Preferably, in the step (4), the AHP solving process first constructs an application example through an expert system, obtains an importance judgment matrix of each feature information through example analysis, and then calculates the weight by using SPSSAU software.

Preferably, the character-based CBA network similarity solution in step (4) includes the following specific steps:

first, data is collected and labeled in the form of s1, s2, label, which is 0 if s1 is similar to s2, otherwise it is 1;

secondly, obtaining vector representation of word2vec based on characters;

thirdly, inputting the data into a CBA network for training to obtain a trained CBA model;

and finally, inputting the candidate entity Hi to be identified and the intellectual property information M to be linked into the trained CBA model, and acquiring an output result [ y1, y2] of the softmax layer, wherein y1 is the similarity.

The invention has the beneficial effects that:

1. the traditional entity link can not effectively express the association degree problem between the nominal item and the candidate entity directly according to the characteristics extracted from the entity context texts such as Wikipedia and the like.

2. The traditional candidate entity generation method is directly matched without screening the part, so that the workload is increased, the interference rate is improved, and meanwhile, the situation that most of prediction error data is caused by type errors due to the fact that semantic information is directly matched is not considered.

3. In consideration of the similarity based on the conventional artificial definition rule and the superiority and inferiority based on the deep learning similarity, the invention integrates the formal features based on the knowledge map and the semantic features based on the intellectual property rights in the candidate entity ordering process, and simultaneously realizes the ordering of the similarity of the candidate entities by the AHP method based on statistics.

4. Meanwhile, in the solving process of semantic features based on intellectual property, the accuracy of the similarity of traditional cosine solving based on word2vec is low, an improved siamese CBA is adopted, characters are based, an attention mechanism is added, the similarity probability of the network is extracted to serve as a similarity value, and the accuracy is improved.

Drawings

The present invention will be described in further detail with reference to the accompanying drawings and specific embodiments.

Fig. 1 is a schematic diagram of a TextCNN network structure according to an embodiment of the present invention.

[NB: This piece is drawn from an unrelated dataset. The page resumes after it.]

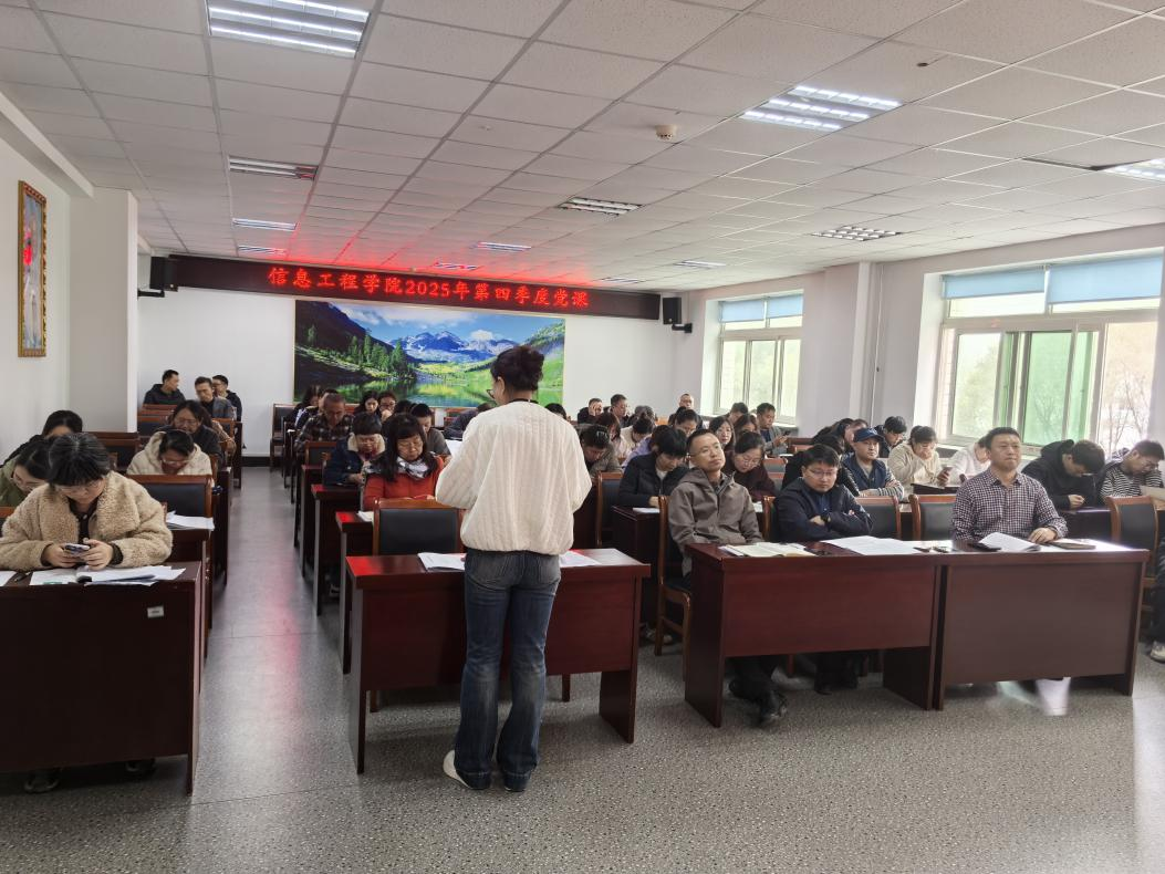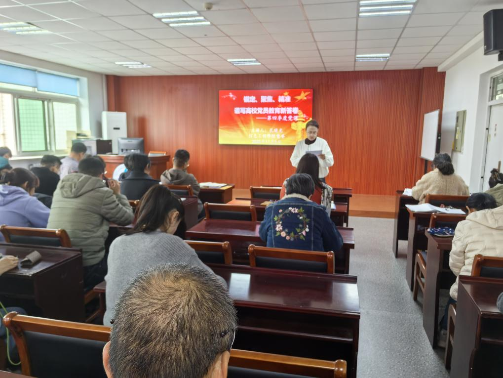 为深入学习贯彻党的创新理论,切实加强领导班子及青年党员思想建设,11月5日,信息工程学院党委召开第四季度领导班子上党课。学院副院长孔晓光以“锚定、聚焦、精准 谱写高校党员教育新答卷”为题主讲,全体教职工参会。

Fig. 2 is a schematic diagram of a CBA network structure according to an embodiment of the present invention.

Detailed Description

The intellectual property identity identification method based on the academic talent information intellectual map comprises the following steps:

1. the crawler acquires talent information data, including names, resumes and intellectual property information, wherein the intellectual property information includes information such as articles and patents, and establishes a talent information intellectual map based on neo4j according to the information, the intellectual map is formed in a triple E ═ sub, rela, obj > form and specifically includes attribute information of entities (talents) and relationships among the entities, wherein the attribute information of the entities includes basic information of people, colleges and universities, professions, work units and intellectual property information, and the relationships among the entities include a cooperative relationship and an alumni relationship.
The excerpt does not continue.